Nigeria says OPEC has run out of spare capacity


OPEC does not have the extra spare capacity to increase crude oil production much more than it does today, Nigerian Oil Minister Timipre Sylva told Anadolu Agency on Friday.

“It’s not something you can turn on a tap for at this point. You have to have the extra capacity, the spare capacity to tap into, but it takes a lot of work and a lot of investment to have the extra production,” the Nigerian minister told the Turkish News Agency in an interview.

Many OPEC producers, including Nigeria, are currently pumping at maximum capacity, Sylva noted.

“If there is anything we can do to produce more, OPEC will be the first to produce more. But unfortunately that capacity does not exist in most OPEC countries,” a- he told Anadolu Agency.

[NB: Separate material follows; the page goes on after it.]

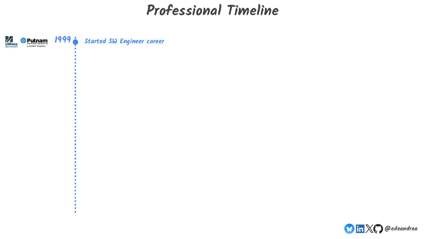 • Started using Open Source Software & teaching about it 2016 Senior Architect • 1st Open Source Software contribution 2019 Senior Solution Architect Professional Timeline

OPEC isn’t too happy with sky-high oil prices because it wants prices at levels that don’t hurt consumers of its crude, but the organization can’t do much to pump more, the official said. Nigerian minister.

There is “absolutely” a supply problem in the oil sector right now, Jeff Currie, global head of commodities at Goldman Sachs, told Bloomberg earlier this week.

There are widespread supply constraints among oil producers, especially non-central OPEC, Currie said. All producers except Saudi Arabia and the United Arab Emirates are producing less today than they were in 2020, he added. Add to that the Russian shock and supply constraints are the most severe in decades, since the 1970s, according to Currie.

In February, the OPEC+ group continued to severely underperform its oil production levels against the pact target, with February production at more than a million barrels per day (bpd) below the collective quota and a compliance rate jumping to 136%, Reuters reported last month.

In March, OPEC’s second-largest producer Iraq produced just 4.15 million bpd of crude oil, well below its quota under the OPEC+ deal, the data shows. of the Iraqi national oil marketing company SOMO consulted by Reuters.

Oil production from OPEC’s key partner in the OPEC+ deal, Russia, has also shown signs of decline in recent weeks.